RECORDS FOR PROCESSING
╭──
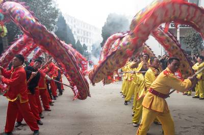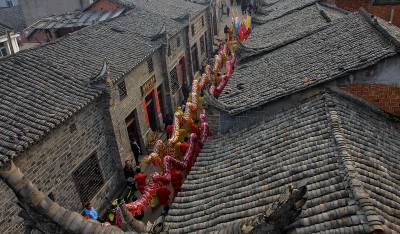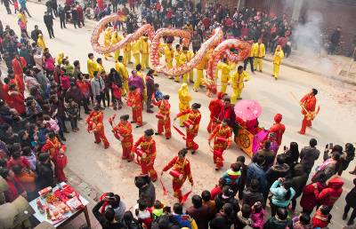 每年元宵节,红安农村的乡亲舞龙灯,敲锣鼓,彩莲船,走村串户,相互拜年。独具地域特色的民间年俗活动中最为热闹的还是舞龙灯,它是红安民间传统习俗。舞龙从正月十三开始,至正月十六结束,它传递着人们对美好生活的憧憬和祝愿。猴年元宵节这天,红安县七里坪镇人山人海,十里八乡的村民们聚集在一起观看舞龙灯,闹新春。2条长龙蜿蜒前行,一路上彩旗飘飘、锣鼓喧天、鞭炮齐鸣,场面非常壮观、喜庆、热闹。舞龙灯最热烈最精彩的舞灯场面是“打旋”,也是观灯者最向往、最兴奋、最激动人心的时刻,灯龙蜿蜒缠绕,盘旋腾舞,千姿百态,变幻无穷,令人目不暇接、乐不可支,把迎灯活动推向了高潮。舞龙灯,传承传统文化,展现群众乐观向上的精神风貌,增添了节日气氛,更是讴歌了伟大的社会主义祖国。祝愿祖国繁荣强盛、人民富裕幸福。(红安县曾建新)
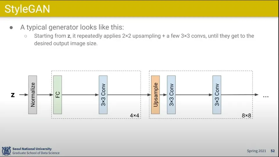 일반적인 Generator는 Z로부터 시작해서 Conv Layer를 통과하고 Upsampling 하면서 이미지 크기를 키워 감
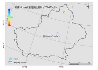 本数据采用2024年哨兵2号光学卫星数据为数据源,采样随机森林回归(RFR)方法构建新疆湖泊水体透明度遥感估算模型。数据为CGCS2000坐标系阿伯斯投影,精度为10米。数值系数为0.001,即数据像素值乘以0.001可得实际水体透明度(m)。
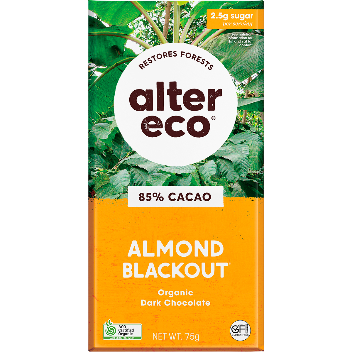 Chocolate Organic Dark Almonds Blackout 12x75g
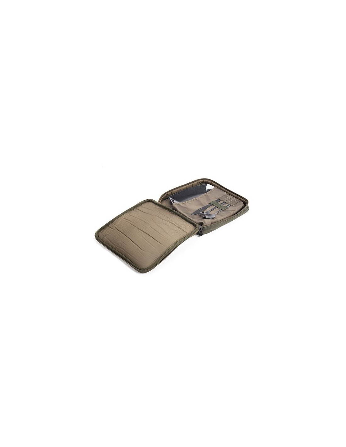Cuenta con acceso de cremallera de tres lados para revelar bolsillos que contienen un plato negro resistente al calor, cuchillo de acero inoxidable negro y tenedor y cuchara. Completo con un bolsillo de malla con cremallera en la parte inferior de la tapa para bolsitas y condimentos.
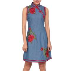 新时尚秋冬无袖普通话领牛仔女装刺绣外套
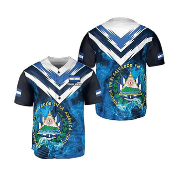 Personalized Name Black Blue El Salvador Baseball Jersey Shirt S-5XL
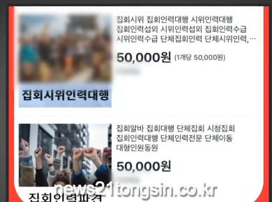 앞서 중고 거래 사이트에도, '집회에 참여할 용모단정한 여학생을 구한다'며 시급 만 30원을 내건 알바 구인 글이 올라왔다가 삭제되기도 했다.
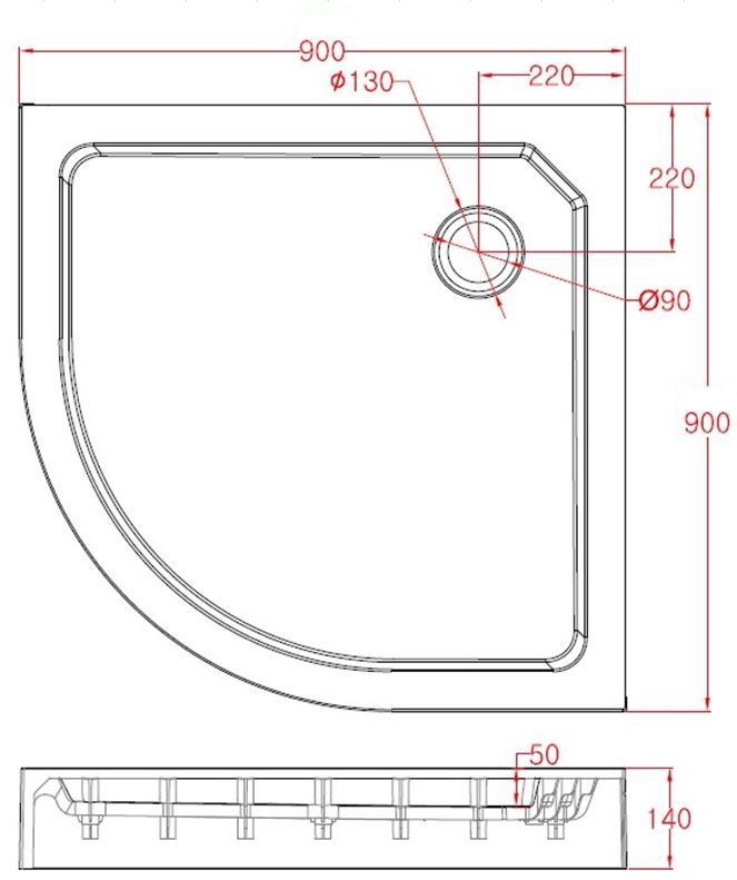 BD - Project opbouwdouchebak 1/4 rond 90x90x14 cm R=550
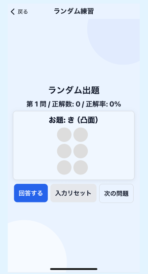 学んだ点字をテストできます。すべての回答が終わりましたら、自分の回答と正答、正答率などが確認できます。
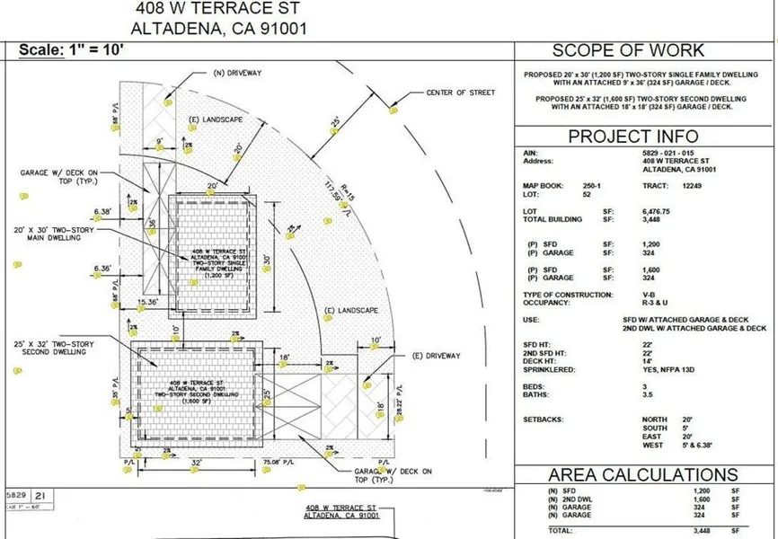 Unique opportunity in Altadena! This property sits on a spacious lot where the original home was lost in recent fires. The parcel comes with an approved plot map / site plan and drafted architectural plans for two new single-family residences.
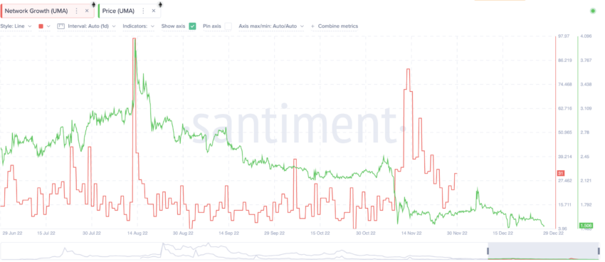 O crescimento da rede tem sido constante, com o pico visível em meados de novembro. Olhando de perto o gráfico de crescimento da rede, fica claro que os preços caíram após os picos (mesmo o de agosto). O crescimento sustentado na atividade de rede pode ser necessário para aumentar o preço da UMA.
╰──
The listing above is to be set down word for word, without its images.

ANSWER TO THIS PROBLEM
 每年元宵节,红安农村的乡亲舞龙灯,敲锣鼓,彩莲船,走村串户,相互拜年。独具地域特色的民间年俗活动中最为热闹的还是舞龙灯,它是红安民间传统习俗。舞龙从正月十三开始,至正月十六结束,它传递着人们对美好生活的憧憬和祝愿。猴年元宵节这天,红安县七里坪镇人山人海,十里八乡的村民们聚集在一起观看舞龙灯,闹新春。2条长龙蜿蜒前行,一路上彩旗飘飘、锣鼓喧天、鞭炮齐鸣,场面非常壮观、喜庆、热闹。舞龙灯最热烈最精彩的舞灯场面是“打旋”,也是观灯者最向往、最兴奋、最激动人心的时刻,灯龙蜿蜒缠绕,盘旋腾舞,千姿百态,变幻无穷,令人目不暇接、乐不可支,把迎灯活动推向了高潮。舞龙灯,传承传统文化,展现群众乐观向上的精神风貌,增添了节日气氛,更是讴歌了伟大的社会主义祖国。祝愿祖国繁荣强盛、人民富裕幸福。(红安县曾建新)
 일반적인 Generator는 Z로부터 시작해서 Conv Layer를 통과하고 Upsampling 하면서 이미지 크기를 키워 감
 本数据采用2024年哨兵2号光学卫星数据为数据源,采样随机森林回归(RFR)方法构建新疆湖泊水体透明度遥感估算模型。数据为CGCS2000坐标系阿伯斯投影,精度为10米。数值系数为0.001,即数据像素值乘以0.001可得实际水体透明度(m)。
 Chocolate Organic Dark Almonds Blackout 12x75g
Cuenta con acceso de cremallera de tres lados para revelar bolsillos que contienen un plato negro resistente al calor, cuchillo de acero inoxidable negro y tenedor y cuchara. Completo con un bolsillo de malla con cremallera en la parte inferior de la tapa para bolsitas y condimentos.
 新时尚秋冬无袖普通话领牛仔女装刺绣外套
 Personalized Name Black Blue El Salvador Baseball Jersey Shirt S-5XL
 앞서 중고 거래 사이트에도, '집회에 참여할 용모단정한 여학생을 구한다'며 시급 만 30원을 내건 알바 구인 글이 올라왔다가 삭제되기도 했다.
 BD - Project opbouwdouchebak 1/4 rond 90x90x14 cm R=550
 学んだ点字をテストできます。すべての回答が終わりましたら、自分の回答と正答、正答率などが確認できます。
 Unique opportunity in Altadena! This property sits on a spacious lot where the original home was lost in recent fires. The parcel comes with an approved plot map / site plan and drafted architectural plans for two new single-family residences.
 O crescimento da rede tem sido constante, com o pico visível em meados de novembro. Olhando de perto o gráfico de crescimento da rede, fica claro que os preços caíram após os picos (mesmo o de agosto). O crescimento sustentado na atividade de rede pode ser necessário para aumentar o preço da UMA.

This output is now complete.